Записи НПМ и предварительные комментарии. Чтобы составить, по возможности полное, представление о той жанровой разновидности НПМ, которой посвящена статья, ниже приводится 14 молитвенных текстов (2 из них - с вариантами):

№ 1. «Господи Исусе Кристе, Сыне Божие, молитвами. Во имя Отца и Сына и Святого Духа, аминь (3 раза). Помяни, Господи, первых людей: Евгия Адама, Петра Павла, Кузьма Заклюшника, Осипа Задверника, царья Давыда, царья свяшшенника, митрополиты, архипомандриты, <нрзб.> Иона. Три тысячи младенцев, три тысячи младенцев, три тысячи младенцев. Мать сыра земля, открывайте ворота лево и направо, отпус-

кайте всех моих сродников, всех моих родителей, всех моих родственников. Помяни, Господи, военных солдатов, на поле пропавших, честных и праведных, топором отчиканных, ножом отрезанных, землей задавленных, ружьем застреленных, воду утопляшшиеся, без вести пропавшие-ся, Иван Батальонок. Помяни, Господи, все мои родители, все мои родственники, сысстари дедушки, сысстари бабушки, знавшие и не знавшиеся, в воду утопляшшиеся, в огне загоревшиеся, в лесу заблудяшшиеся, бездетные благодетели и добродетели, плодные и бесплодные, близкие и дальние, петлей висяшшиеся, на дороге пропав-шиеся, водой умывавшиеся. Вологодская Богородица, Варвара Мученица, идите, помяните, что у меня есть на столе» (записано от ГИА в 2000 г.; список информантов см. в конце статьи).

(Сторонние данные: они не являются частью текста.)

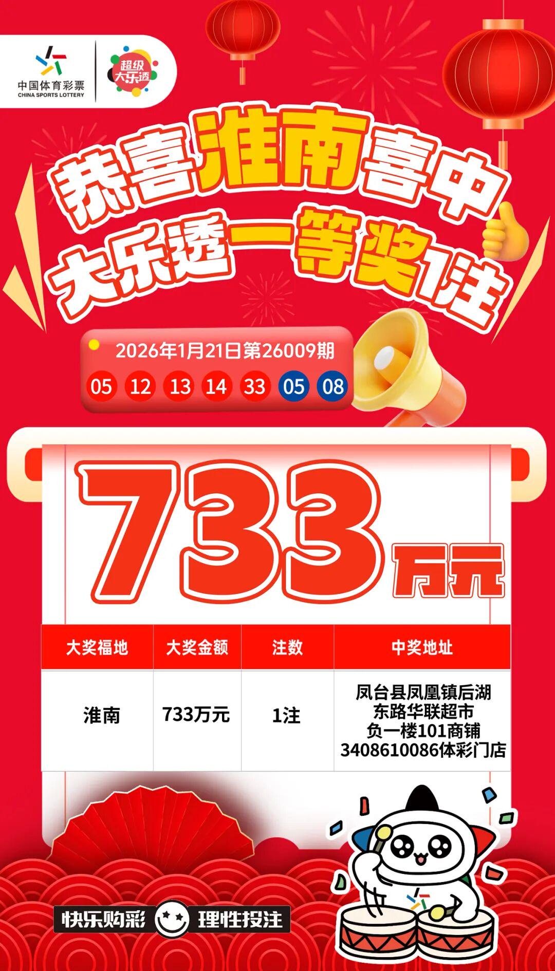 2026年1月21日,体彩超级大乐透一等奖喜报传来,花落淮南!一位幸运购彩者在淮南凤台县凤凰镇的一家体彩小微门店,成功中得一等奖,斩获总奖金733万元。这不仅是淮南体彩在2026年迎来的首个超级大乐透头奖,也一举打破了自2022年中出995万大奖后,长达三年的“头奖沉寂”。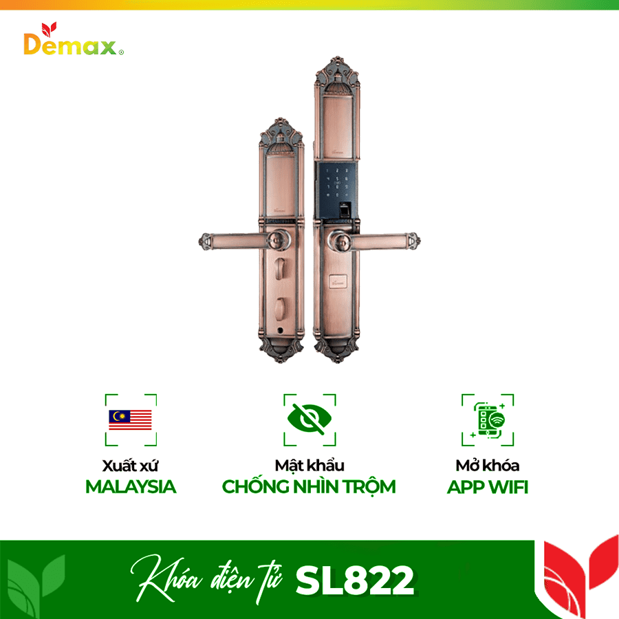 Khóa Thông Minh Đại Sảnh Demax SL822 GOLD | Lock Home VN

№ 1а. «Помяни, Господи, первых людей, Еву и Адама, Петра Павла, Козьму Заключника, Осипа Задверника, царья Давыда, царья священника, митрополиты, архимандриты, <нрзб.>, сорок тысяч младенцев, сорок тысяч младенцев, сорок тысяч младенцев. Мать сыра земля Варвара, открывайте ворота налево и направо, отпускайте всех моих сродников, знающих и незнающих, близких и дальних, все стары дедушки, все стары бабушки, <нрзб.> на мои могилы» (записано от нее же в 2011 г.).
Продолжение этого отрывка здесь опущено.